Class TscTestBlockDiscoverer

java.lang.Object
edu.cmu.tetrad.search.blocks.TscTestBlockDiscoverer
All Implemented Interfaces:
BlockDiscoverer

public class TscTestBlockDiscoverer extends Object implements BlockDiscoverer
The TscTestBlockDiscoverer class is an implementation of the BlockDiscoverer interface that utilizes the Testing Strong Causal structures (TSC) algorithm to identify and discover clusters or blocks of variables from a given dataset. These blocks represent groups of variables that exhibit strong causal relationships.

This class supports functionality to validate, canonicalize, and apply policies to discovered blocks, ensuring consistency and compliance with specified single cluster policies. It operates using parameters such as statistical significance level (alpha), expected sample size (ess), and a policy for handling overlapping clusters.

  • Constructor Summary

    Constructors
    Constructor
    Description
    TscTestBlockDiscoverer(DataSet dataSet, double alpha, int ess, double ridge, int rMax, SingleClusterPolicy policy, int minRedundancy, boolean verbose)
    Constructs a TscTestBlockDiscoverer instance with the specified parameters for discovering and analyzing blocks of variables in a dataset using the TSC algorithm.
  • Method Summary

    Modifier and Type
    Method
    Description
    Discovers and identifies blocks of variables using the TSC (Testing Strong Causal structures) algorithm.

    Methods inherited from class java.lang.Object

    equals, getClass, hashCode, notify, notifyAll, toString, wait, wait, wait
  • Constructor Details

    • TscTestBlockDiscoverer

      public TscTestBlockDiscoverer(DataSet dataSet, double alpha, int ess, double ridge, int rMax, SingleClusterPolicy policy, int minRedundancy, boolean verbose)
      Constructs a TscTestBlockDiscoverer instance with the specified parameters for discovering and analyzing blocks of variables in a dataset using the TSC algorithm.
      Parameters:
      dataSet - The dataset to process for discovering variable relationships.
      alpha - A significance level parameter used for hypothesis testing, must be in the range (0, 1).
      ess - The equivalent sample size used in certain scoring or prior adjustments.
      ridge - A regularization parameter for ridge regression; must be greater than or equal to 0.
      rMax - The maximum number of iterations or search radius used in the discovery process.
      policy - The single cluster policy dictating the criteria for canonicalizing discovered clusters.
      minRedundancy - The minimum allowed redundancy level among variables in discovered clusters.
      verbose - A flag indicating whether to output detailed logging or debugging information during processing.
      Throws:
      IllegalArgumentException - If the ridge parameter is less than 0.
  • Method Details

    • discover

      public BlockSpec discover()
      Discovers and identifies blocks of variables using the TSC (Testing Strong Causal structures) algorithm.
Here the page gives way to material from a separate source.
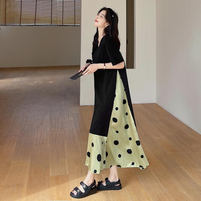 Летнее женское платье больших размеров, длинные платья в горошек с v-образным вырезом и короткими рукавами 3XL чёрный

      This method applies the following steps: - Validates the alpha parameter to ensure it is within the range (0, 1). - Constructs a TscScored instance to compute clusters of variables based on the given dataset. - Ensures discovered clusters (blocks) are valid, canonicalized, and consistent with the specified single cluster policy. - Converts the final block structure to the BlockSpec format for further processing or use.

      Specified by:
      discover in interface BlockDiscoverer
      Returns:
      The discovered BlockSpec which represents clusters of variables based on the TSC algorithm.
      Throws:
      IllegalArgumentException - If the alpha parameter is not in the range (0, 1).